**What the task asks**
In the data below, find the line with "Flera rader av" and the line with "CONTI SurfaceProtect is", then restate both and every line between them exactly, minus the pictures.

**Exercise data**
■ ■ ■ ■
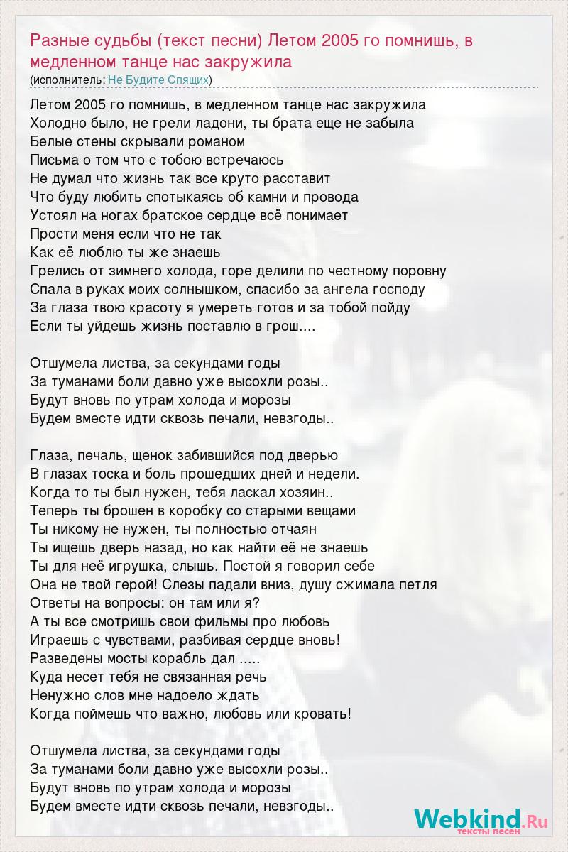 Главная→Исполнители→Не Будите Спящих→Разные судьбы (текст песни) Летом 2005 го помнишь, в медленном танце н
■ ■ ■ ■
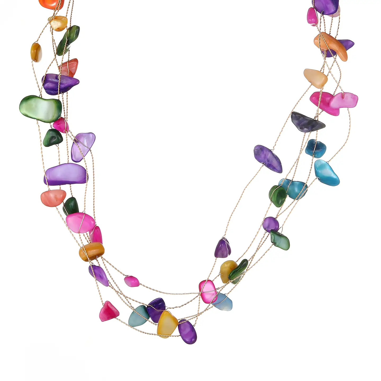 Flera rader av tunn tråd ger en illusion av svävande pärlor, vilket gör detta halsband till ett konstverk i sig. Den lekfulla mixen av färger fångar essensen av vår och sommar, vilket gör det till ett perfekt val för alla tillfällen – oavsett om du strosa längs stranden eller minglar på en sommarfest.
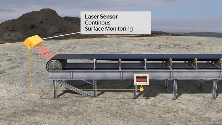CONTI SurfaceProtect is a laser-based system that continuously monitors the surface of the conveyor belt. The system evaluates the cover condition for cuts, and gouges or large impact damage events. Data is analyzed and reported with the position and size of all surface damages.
■ ■ ■ ■
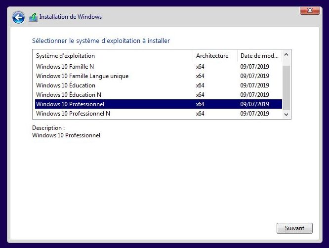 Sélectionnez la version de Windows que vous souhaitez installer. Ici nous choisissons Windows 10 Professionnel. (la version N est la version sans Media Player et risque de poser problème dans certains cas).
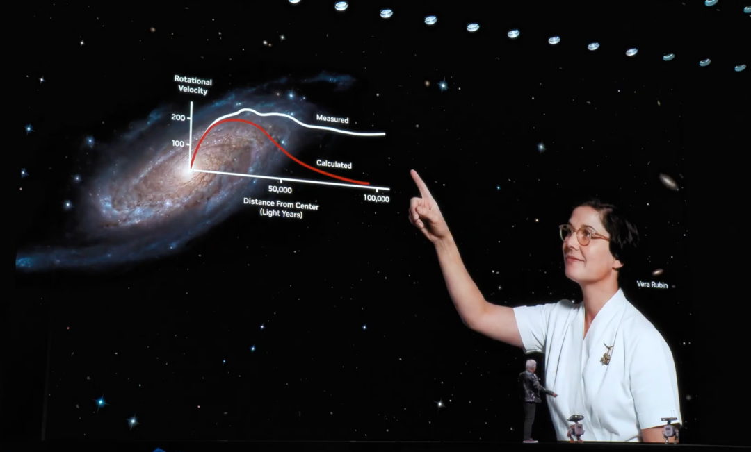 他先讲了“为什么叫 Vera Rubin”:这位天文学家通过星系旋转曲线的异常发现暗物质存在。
■ ■ ■ ■
**Solution to this exercise**
 Flera rader av tunn tråd ger en illusion av svävande pärlor, vilket gör detta halsband till ett konstverk i sig. Den lekfulla mixen av färger fångar essensen av vår och sommar, vilket gör det till ett perfekt val för alla tillfällen – oavsett om du strosa längs stranden eller minglar på en sommarfest.
CONTI SurfaceProtect is a laser-based system that continuously monitors the surface of the conveyor belt. The system evaluates the cover condition for cuts, and gouges or large impact damage events. Data is analyzed and reported with the position and size of all surface damages.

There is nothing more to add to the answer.